What to produce:
Restate every line below word for word, but drop each picture.

***** Data to process *****

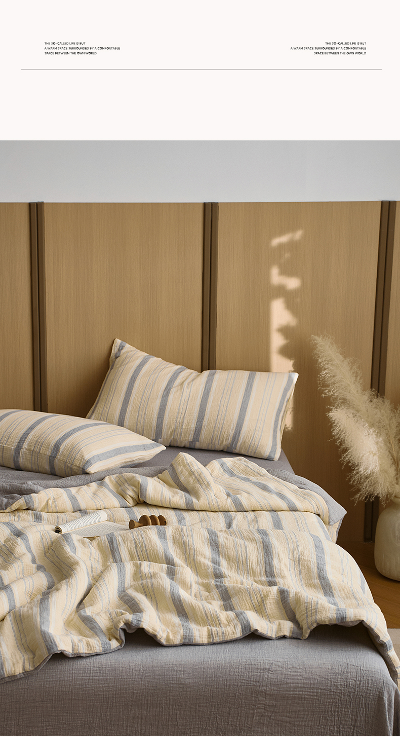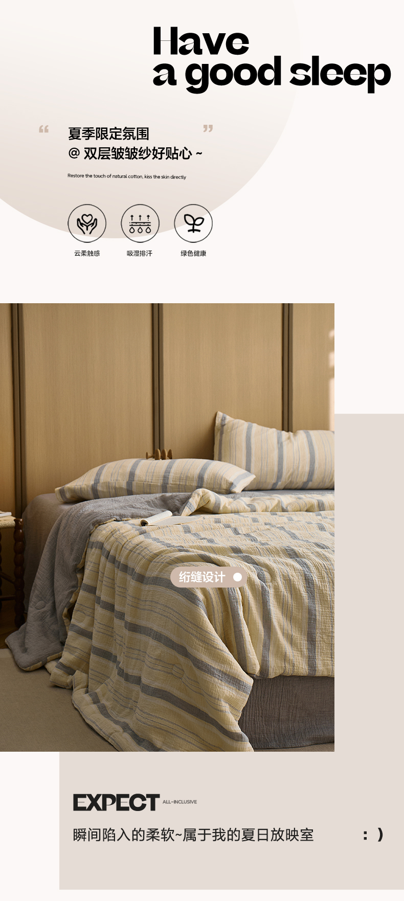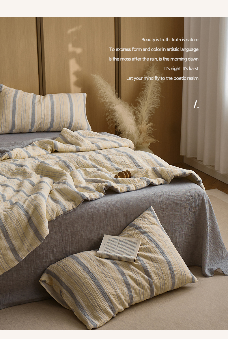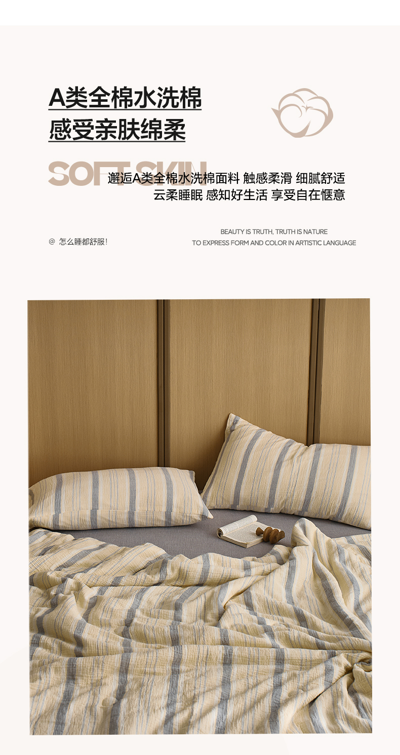 • 91家纺网 家纺一手货源 找家纺 一加一 2025新款A类母婴级水洗全棉无印双层皱皱纱牛奶蛋白夏被四件套 时予黄灰
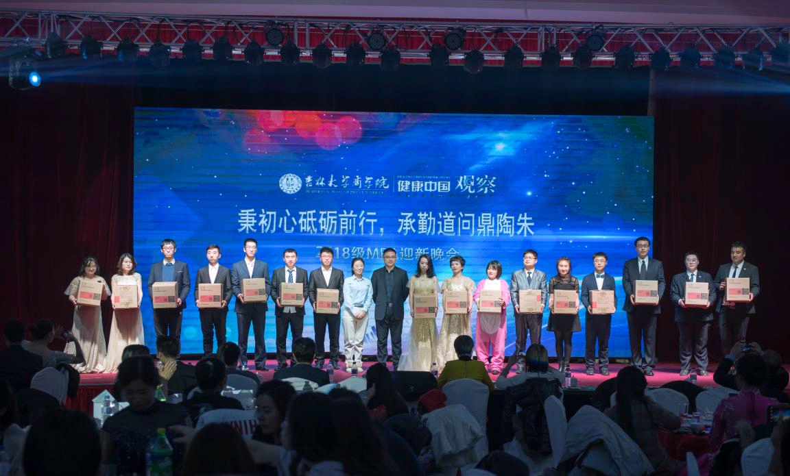 荟职场精英才华,展商院学子风采,在院领导与专业学位教学办老师们的支持下,在MBA学生会主席团的领导下,在全体2018级MBA同学的热情期盼中,由健康中国观察杂志社独家冠名赞助的“秉初心砥砺前行,承勤道问鼎陶朱”2018级MBA迎新晚会及新年晚宴,于12月15日在长春华天大酒店隆重举行。
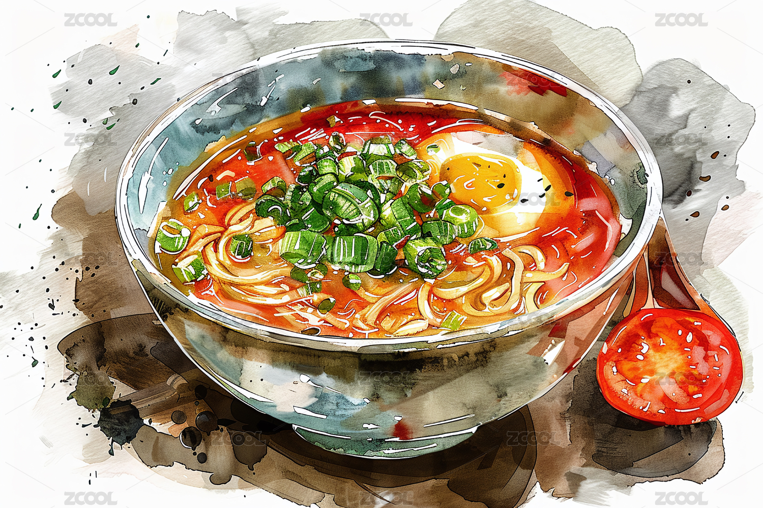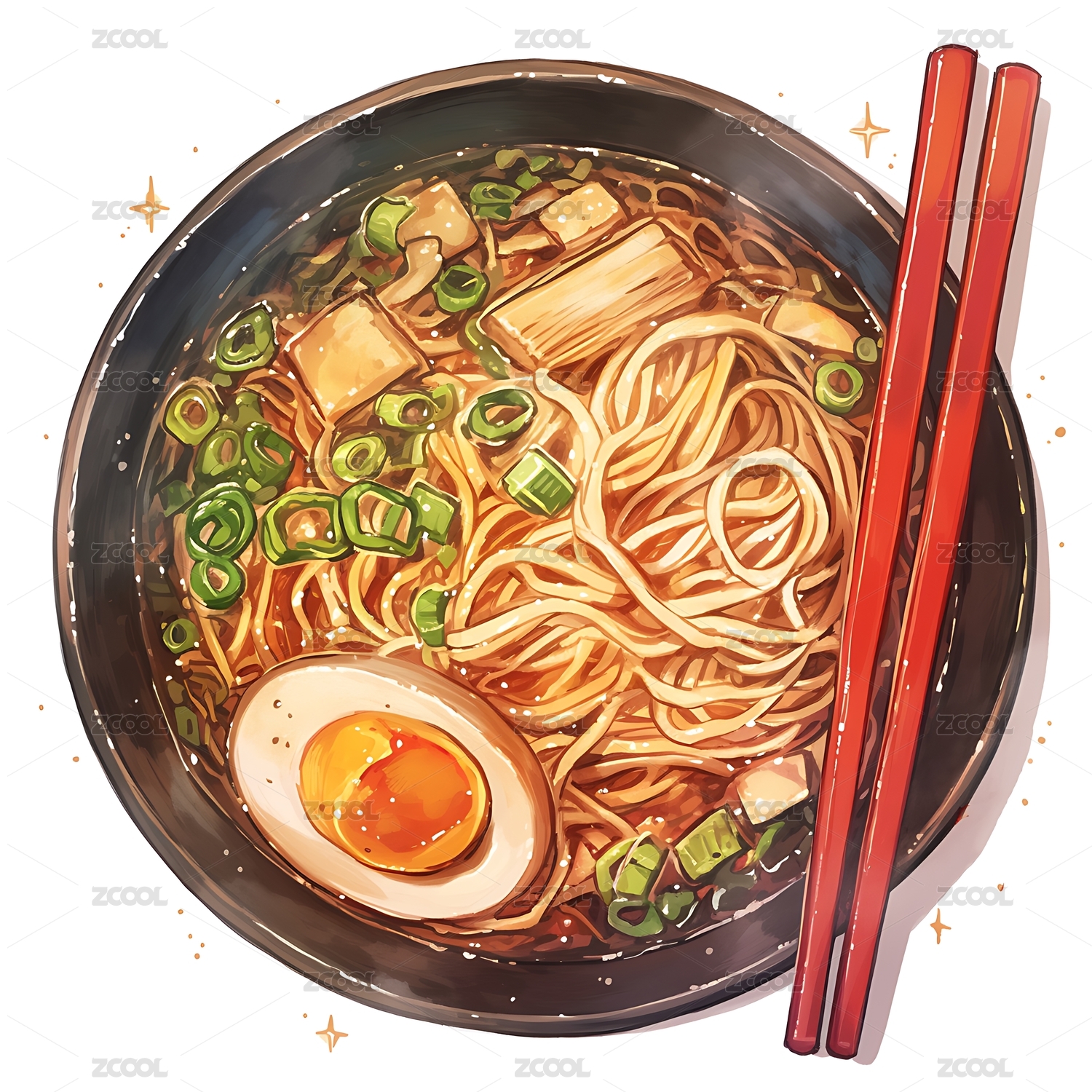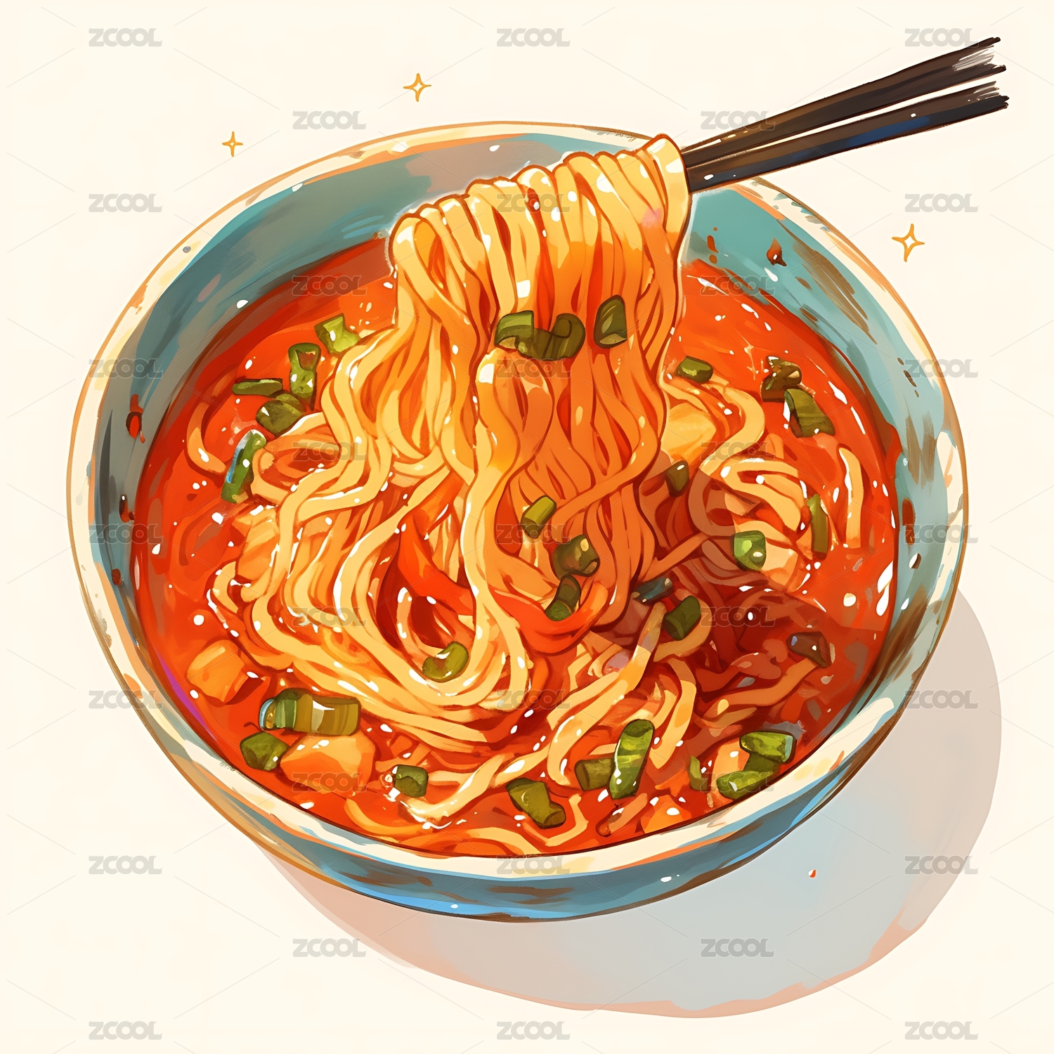 筷子挑起一碗诱人的米粉面条干拌面小吃手绘
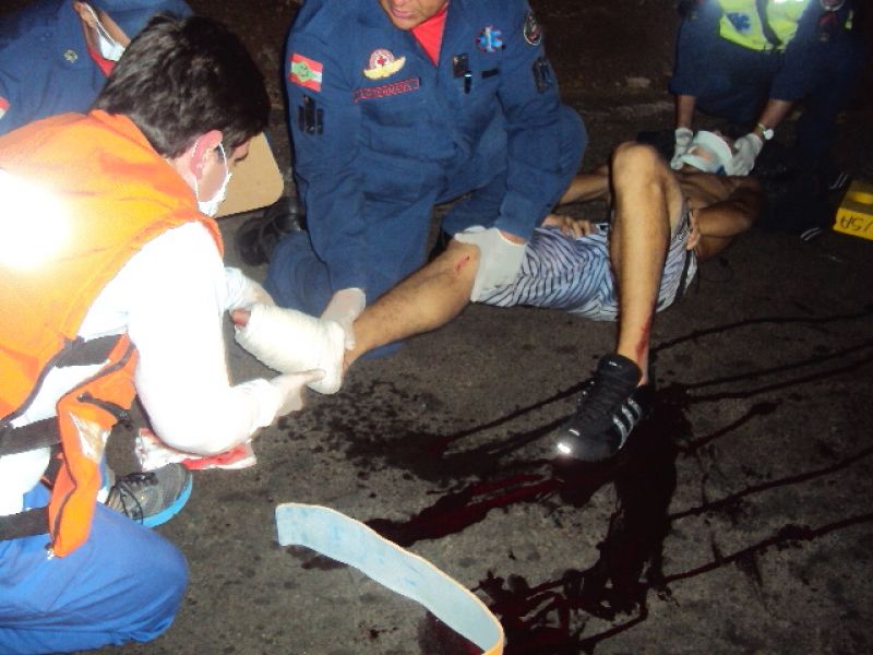 29/04/2013 Uma cena impressionante durante um acidente de trânsito no município de Herval d’Oeste mostra a violência de uma colisão envolvendo um carro e uma moto. O acidente aconteceu por volta das 21h na rua Santa Catarina. Um jovem de 19 anos, que conduzia uma moto colidiu de frente com um Fiat Pálio. O tênis do condutor da moto ficou preso próximo ao farol do veículo. O jovem foi socorrido pelo Corpo de Bombeiros e encaminhado ao setor de emergência do HUST com ferimentos no fêmur e no pé.
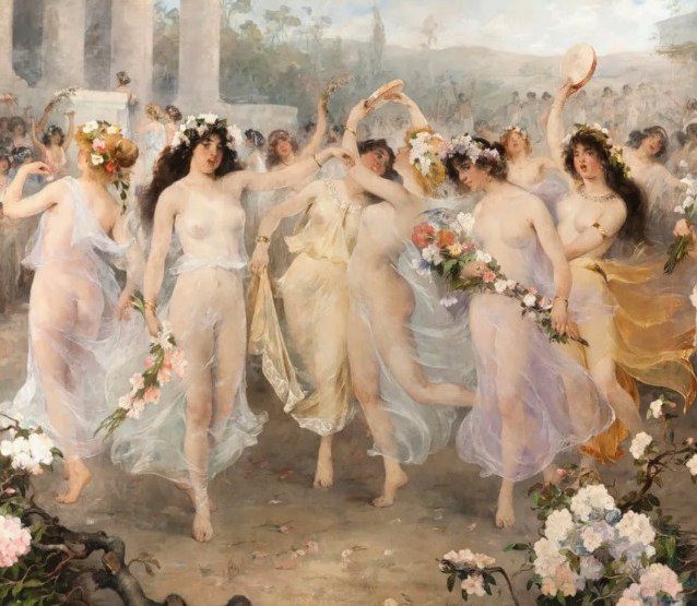 Там они, подражая жрицам, доводили себя до безумия плясками, выпитым вином и дымом листьев священного лавра, а потом рвали на себе одежду и голосили песни в честь Бахуса и его матери. То есть атмосфера там была почти как на нынешнем корпоративе в женском коллективе.
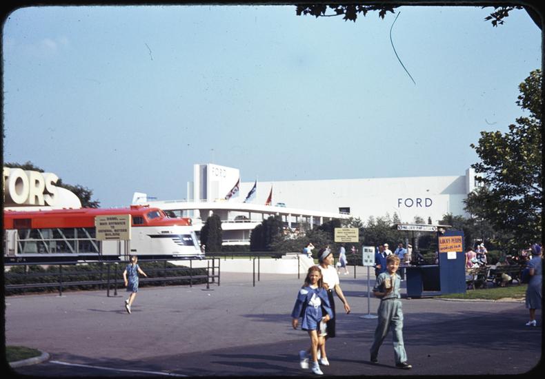 [Communication Zone looking towards the Trylon and Perisphere.]
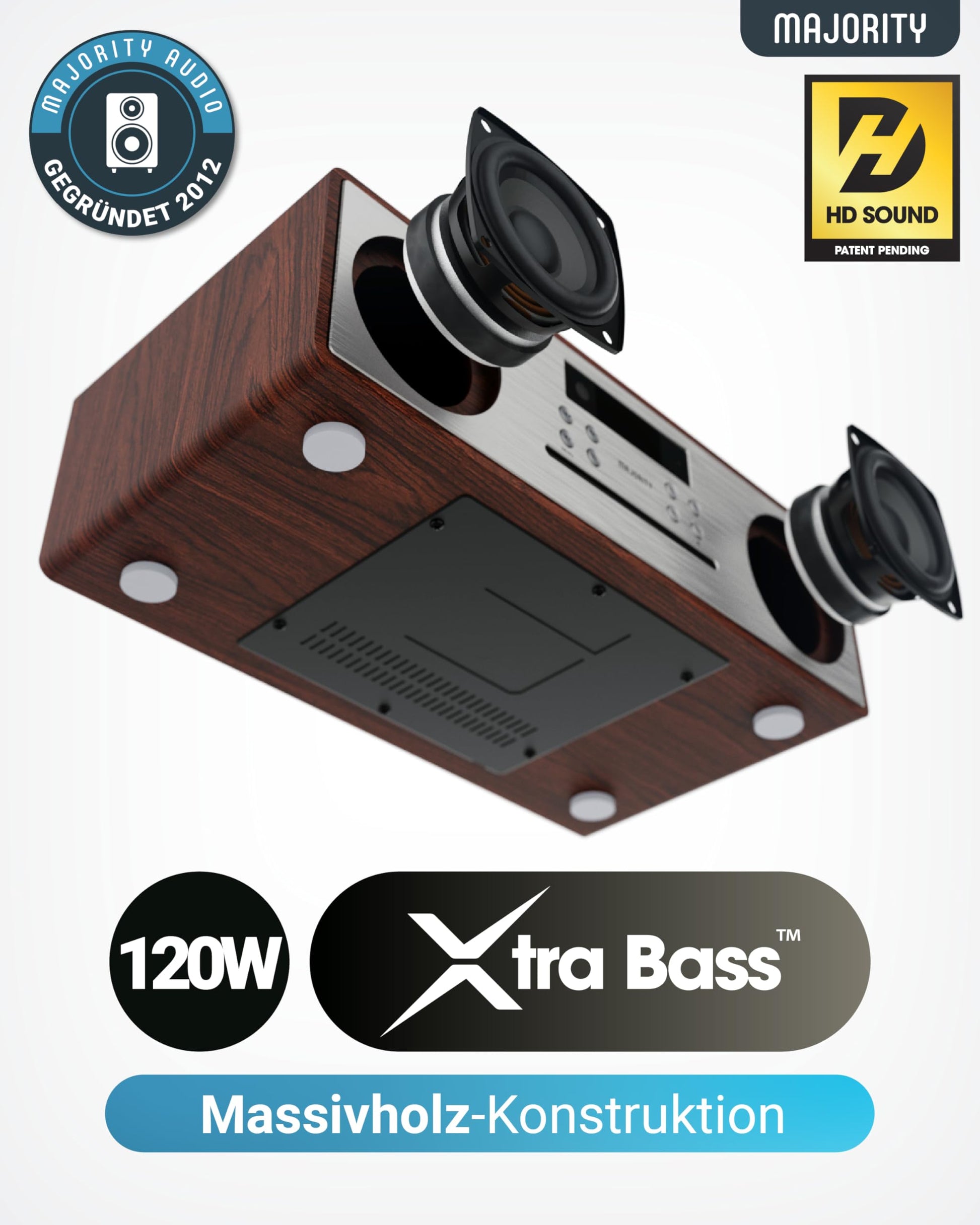 WHAT'S IN THE BOX: This package includes 1 Majority Oakington, 1 remote control, 1 RCA cable, 1 power adapter, and 1 user manual. Dimensions: 40 x 20 x 13 cm. Product weight: 1.2 kilograms."
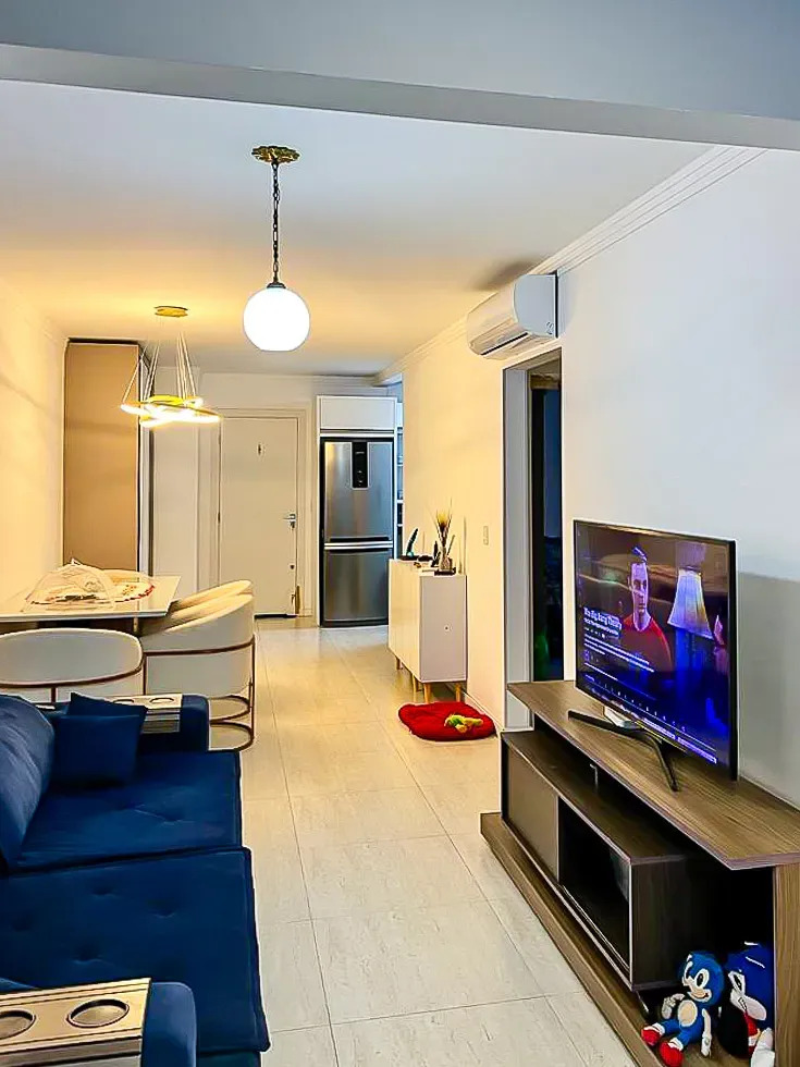 O imóvel está totalmente mobiliado, com móveis novos (menos de 1 ano), incluindo ar condicionado, geladeira, e mobília na sala de jantar e sacada.
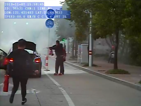 11月7日下午15點57分,W1路劉瑞嘉師傅駕駛公交車到臺州體育場路與東環大道交叉路口附近,突然注意到前方一輛黑色私家車的車頭部位濃煙滾滾,情況十分危機。一名疑似車主的男子正在向過往車輛求救,但都沒有車輛停下。
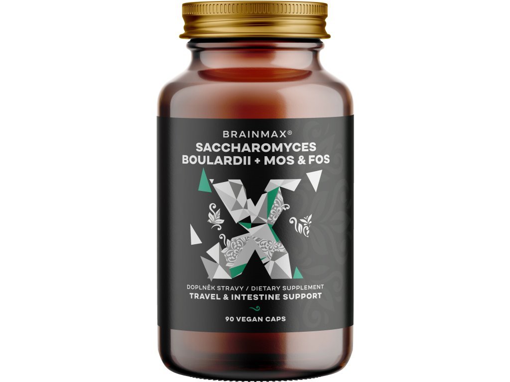 BrainMax Saccharomyces boulardii - Cestovné probiotiká s MOS & FOS 90 kapsúl
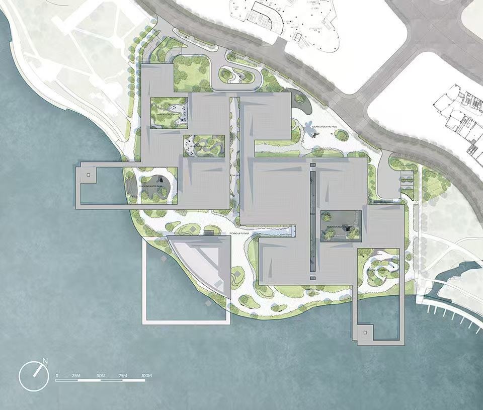 As the founder of BIG described the experience of wandering through the space: one moment you are immersed in the artistic imagery of the exhibition halls, the next you stroll through the courtyards feeling the lake breeze on your face, and then you climb to a high place to overlook the undulating urban skyline. This transformation of body and mind, and the progression of scenery, perfectly align with the three essential principles of gardens summarized by Tong Jun in The Gardens of Jiangnan: “Well-proportioned density, exquisite twists and turns, and captivating views at every glance”.

*****

Answer for this exercise:
 • 91家纺网 家纺一手货源 找家纺 一加一 2025新款A类母婴级水洗全棉无印双层皱皱纱牛奶蛋白夏被四件套 时予黄灰
 荟职场精英才华,展商院学子风采,在院领导与专业学位教学办老师们的支持下,在MBA学生会主席团的领导下,在全体2018级MBA同学的热情期盼中,由健康中国观察杂志社独家冠名赞助的“秉初心砥砺前行,承勤道问鼎陶朱”2018级MBA迎新晚会及新年晚宴,于12月15日在长春华天大酒店隆重举行。
 筷子挑起一碗诱人的米粉面条干拌面小吃手绘
 29/04/2013 Uma cena impressionante durante um acidente de trânsito no município de Herval d’Oeste mostra a violência de uma colisão envolvendo um carro e uma moto. O acidente aconteceu por volta das 21h na rua Santa Catarina. Um jovem de 19 anos, que conduzia uma moto colidiu de frente com um Fiat Pálio. O tênis do condutor da moto ficou preso próximo ao farol do veículo. O jovem foi socorrido pelo Corpo de Bombeiros e encaminhado ao setor de emergência do HUST com ferimentos no fêmur e no pé.
 Там они, подражая жрицам, доводили себя до безумия плясками, выпитым вином и дымом листьев священного лавра, а потом рвали на себе одежду и голосили песни в честь Бахуса и его матери. То есть атмосфера там была почти как на нынешнем корпоративе в женском коллективе.
 [Communication Zone looking towards the Trylon and Perisphere.]
 WHAT'S IN THE BOX: This package includes 1 Majority Oakington, 1 remote control, 1 RCA cable, 1 power adapter, and 1 user manual. Dimensions: 40 x 20 x 13 cm. Product weight: 1.2 kilograms."
 O imóvel está totalmente mobiliado, com móveis novos (menos de 1 ano), incluindo ar condicionado, geladeira, e mobília na sala de jantar e sacada.
 11月7日下午15點57分,W1路劉瑞嘉師傅駕駛公交車到臺州體育場路與東環大道交叉路口附近,突然注意到前方一輛黑色私家車的車頭部位濃煙滾滾,情況十分危機。一名疑似車主的男子正在向過往車輛求救,但都沒有車輛停下。
 BrainMax Saccharomyces boulardii - Cestovné probiotiká s MOS & FOS 90 kapsúl
 As the founder of BIG described the experience of wandering through the space: one moment you are immersed in the artistic imagery of the exhibition halls, the next you stroll through the courtyards feeling the lake breeze on your face, and then you climb to a high place to overlook the undulating urban skyline. This transformation of body and mind, and the progression of scenery, perfectly align with the three essential principles of gardens summarized by Tong Jun in The Gardens of Jiangnan: “Well-proportioned density, exquisite twists and turns, and captivating views at every glance”.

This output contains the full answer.